On comprend dès lors aisément combien il est simple d'abandonner le programme prolétarien pour tomber dans l'incohérence et les fumisteries bourgeoises et combien, par contre, il est complexe de quitter le marais idéologique bourgeois pour s'élever à la cohérence théorique du prolétariat.

Le programme communiste n'est pas une somme de positions juxtaposées. Il contient une synthèse d'"acquis" donnés par l'expérience historique de la classe ouvrière, mais aucun de ces acquis n'a un sens en lui-même, par lui-même, isolé du reste des acquis. Une position politique particulière du programme communiste n'est, en fait qu'une manifestation, parmi d'autres, sur un problème concret précis, d'une vision générale, d'une cohérence globale.

C'est Pourquoi, on ne peut pas parvenir aux positions prolétariennes à partir de quelques idées à apparence révolutionnaire récupérées au sein d'une organisation bourgeoise, aussi radicale qu'elle se prétende

Il y a de moins en moins de partis bourgeois ayant le courage de se réclamer de leur classe. Pour pouvoir s'acquitter de leurs tâches spécifiques d'endormeurs des exploités, ils sont de plus en plus contraints d'emprunter un langage "ouvrier", si possible "révolutionnaire". Et ce phénomène ira en se développant au fur et à mesure qu'iront s'étendant les luttes de la classe. Pour cela, ils intégreront dans leurs programmes, du moins en paroles, des positions en apparence prolétariennes.

On "radicalise" son langage. Cependant, pour une organisation politique, deux ou plusieurs positions prolétariennes juxtaposées ne sont pas le Programme communiste, ni même un pas vers lui, du moment qu'elles sont accompagnées de positions bourgeoises. Une seule position bourgeoise suffit à Ôter tout caractère prolétarien à un parti prétendu ouvrier. La social-démocratie allemande a perdu toute nature ouvrière, malgré ses traditions, malgré sa formation, du fait d'avoir pris une seule position bourgeoise : la participation à la guerre impérialiste.

Celui qui, ayant adhéré à une organisation bourgeoise -croyant s'intégrer à la lutte prolétarienne, mystifié par le langage "ouvrier" de celle-ci- voudrait un jour rompre avec elle pour retrouver les positions de classe, ne peut en aucun cas se contenter de rejeter "les quelques positions fausses de cette organisation" et "les remplacer par de bonnes". C'est toute la vision d'ensemble qui doit être "remplacée".

C'est une illusion de croire qu'on peut "conserver" quelque chose des positions politiques d'une organisation bourgeoise. C’est s'imaginer que le Programme du prolétariat est un agrégat composé d'éléments divers qui peuvent être ajoutés ou soustraits au gré de sa conscience individuelle.

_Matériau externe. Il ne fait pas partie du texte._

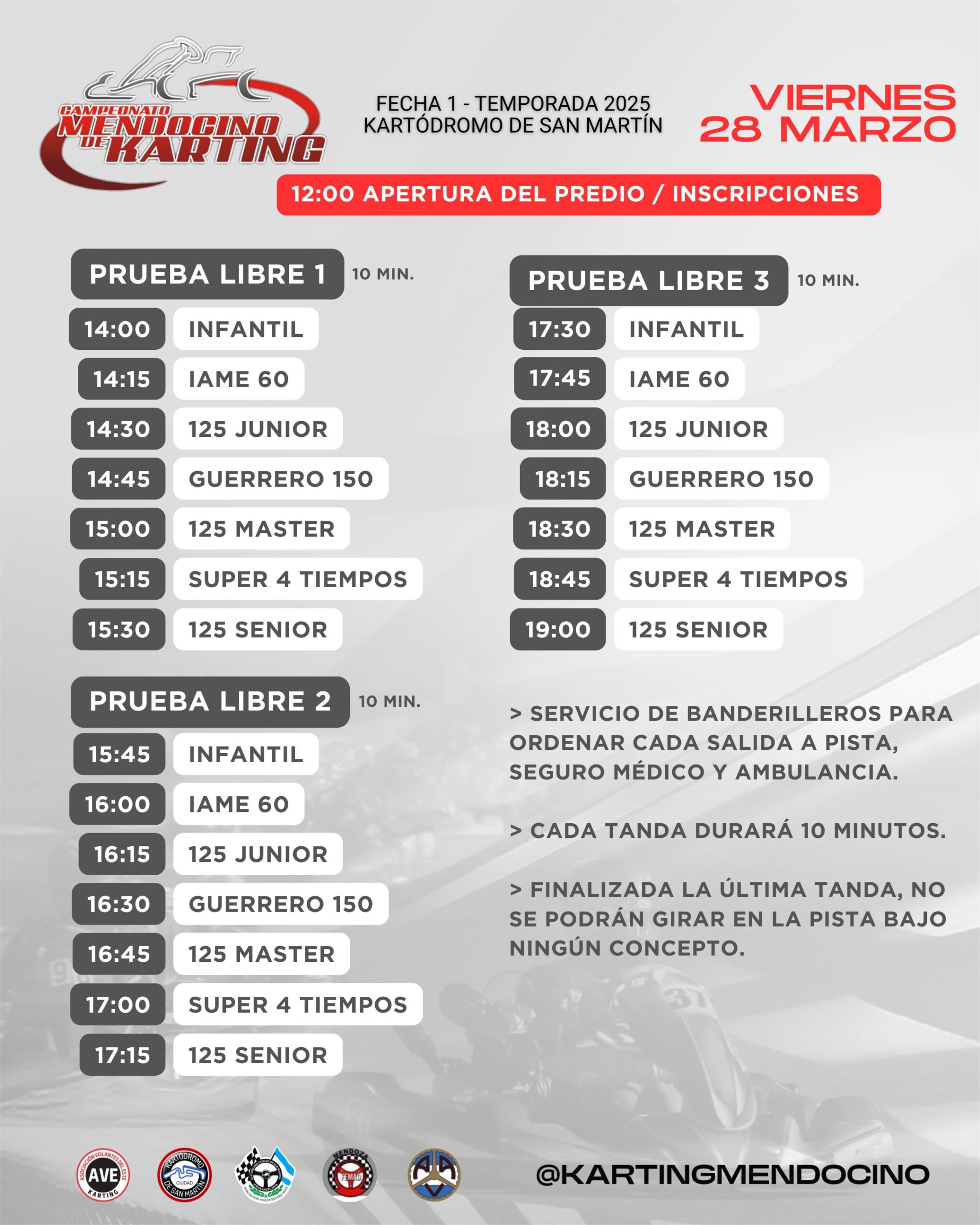 Desde el martes 25 al jueves 27 el kartódromo estará cerrado por obras, por tanto recien el VIERNES 28 se podrá girar en las 3 tandas programadas luego del mediodía.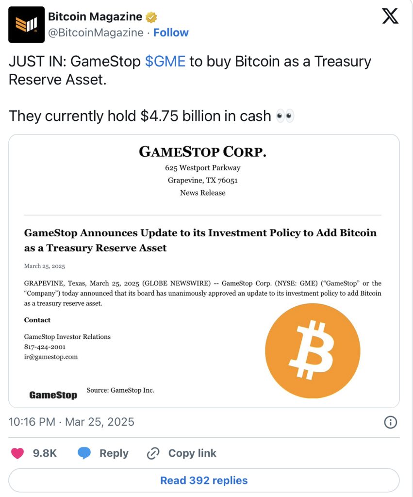 GameStop genießt seit 2021 besondere Aufmerksamkeit an den Finanzmärkten, als die Aktie durch koordinierte Aktionen von Kleinanlegern, ausgelöst durch einen Reddit-Post des Nutzers Keith Gill (bekannt als “Roaring Kitty”), eine beispiellose Rallye erlebte. Damals stieg der Aktienkurs um das 24-fache, was vielen Kleinanlegern erhebliche Gewinne bescherte. Eine ähnliche Entwicklung wird diesmal jedoch nicht erwartet. Vielmehr wird die Entscheidung von GameStop als positives Signal für Bitcoin selbst und als Zeichen für die wachsende institutionelle Akzeptanz der Kryptowährung gewertet.

Le Programme prolétarien est le produit de la conception cohérente du monde, d'une classe dont les intérêts historiques sont clairement et objectivement définis dans la réalité sociale. Il n'accepte en son sein aucune position bourgeoise, parce que dans la réalité il n'y a rien de conciliable entre la classe révolutionnaire exploitée et la classe exploiteuse réactionnaire.

La rupture avec une organisation politique du capital doit Être -pour être réelle- une rupture avec TOUT ce qu'elle défend, car RIEN N'Y EST A CONSERVER. Autrement la rupture n'est pas un dégagement du bourbier réactionnaire mais un ré- enfoncement à un endroit différent.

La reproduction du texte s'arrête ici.